Клеопатра. (Другой перевод) - Хаггард Генри Райдер - Страница 51
- Предыдущая
- 51/76
- Следующая
– Я не люблю его, о царица, ты же знаешь, я доказала это тебе! Как я могу любить того, кто хотел убить тебя? Ведь ты, моя царица, для меня как родная сестра! Я ухаживаю за ним только лишь из жалости.
Негромко рассмеявшись, Клеопатра ответила:
– Между жалостью и любовью нет разницы, Хармиона. Неисповедимы пути женской любви, и ты сама это доказала, мне о том известно. Однако, чем возвышеннее любовь, тем глубже пропасть, в которую она может низвергнуться… А потом опять подняться до небес и снова пасть. Бедная женщина! Ты – всего лишь игрушка своей собственной страсти, которая заставляет тебя быть то нежной, как рассветное небо, то жестокой и безжалостной, как море, когда ревность сжимает твое сердце. Что ж, так мы, женщины, устроены.
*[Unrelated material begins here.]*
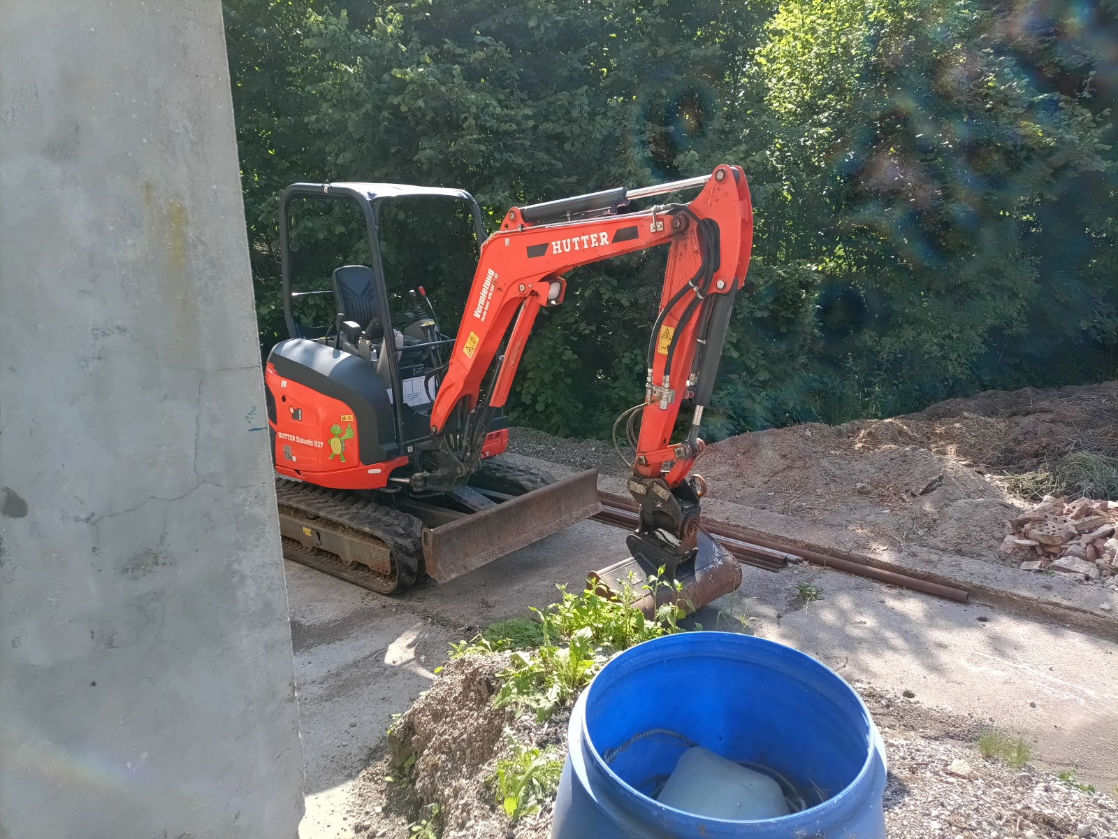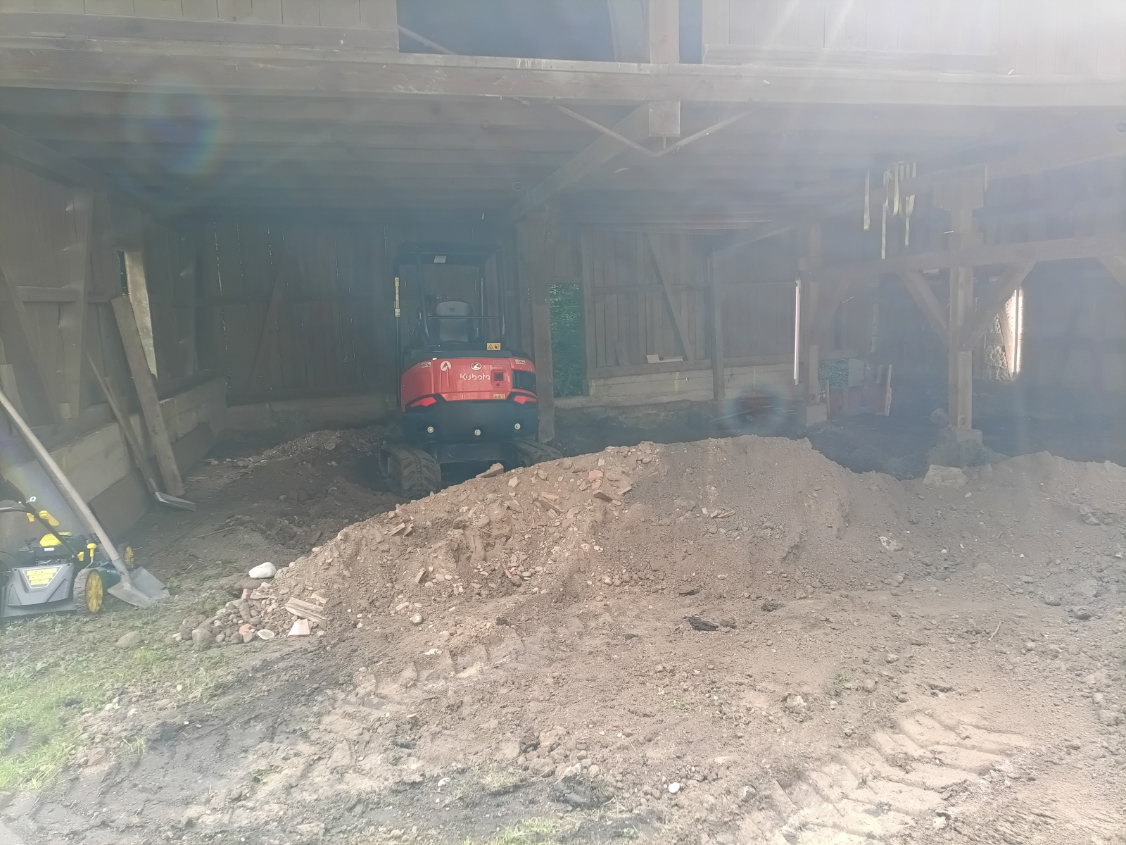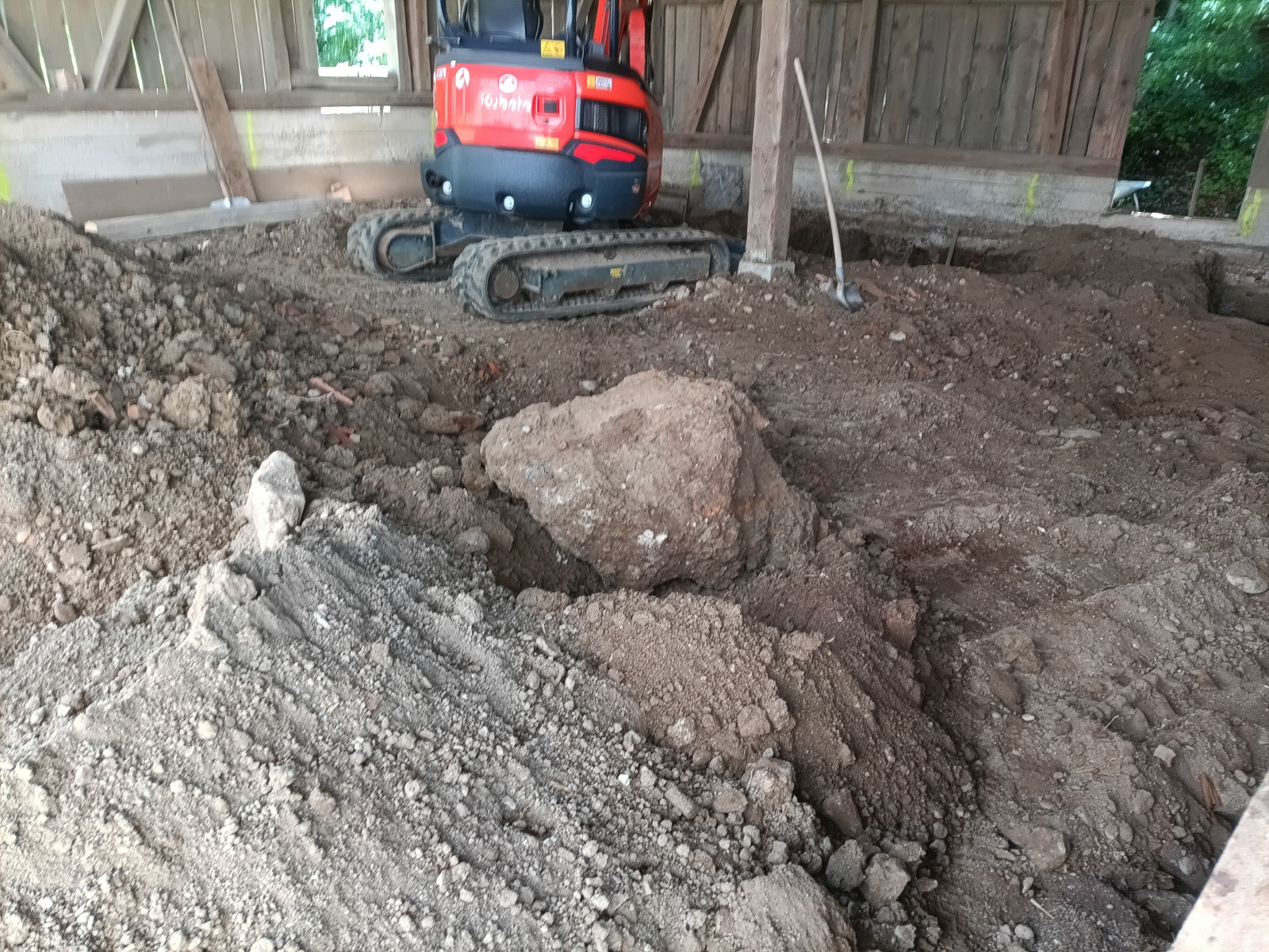 Mietbagger ist da, als Erstes zum Üben, bei Miststock, restliche Erde/Kies entfernt.

Скоро, когда все это закончится, у тебя не останется ничего, кроме слез, раскаяния и… воспоминаний.
И она вышла из комнаты.
Глава XIV
О нежной заботе Хармионы, о выздоровлении Гармахиса, об отплытии флота Клеопатры в Киликию и о разговоре Гармахиса с Бренном
Клеопатра ушла, и какое-то время я молча лежал, собираясь с силами, чтобы заговорить. Хармиона подошла ко мне, встала надо мной, и я почувствовал, что мне на лицо упала большая слеза, выкатившаяся из ее темных глаз, словно первая крупная капля дождя из грозовой тучи.
– Ты уходишь от меня, – прошептала она. – Уходишь туда, куда я не могу за тобой последовать! О Гармахис, с какой радостью я отдала бы свою жизнь, чтобы вернуть твою!
Тут наконец я смог приоткрыть глаза и кое-как пробормотал:
– Умерь свою печаль, дорогой мой друг, я еще жив. И вообще-то, честно говоря, я даже чувствую, будто у меня в груди затеплилась новая жизнь!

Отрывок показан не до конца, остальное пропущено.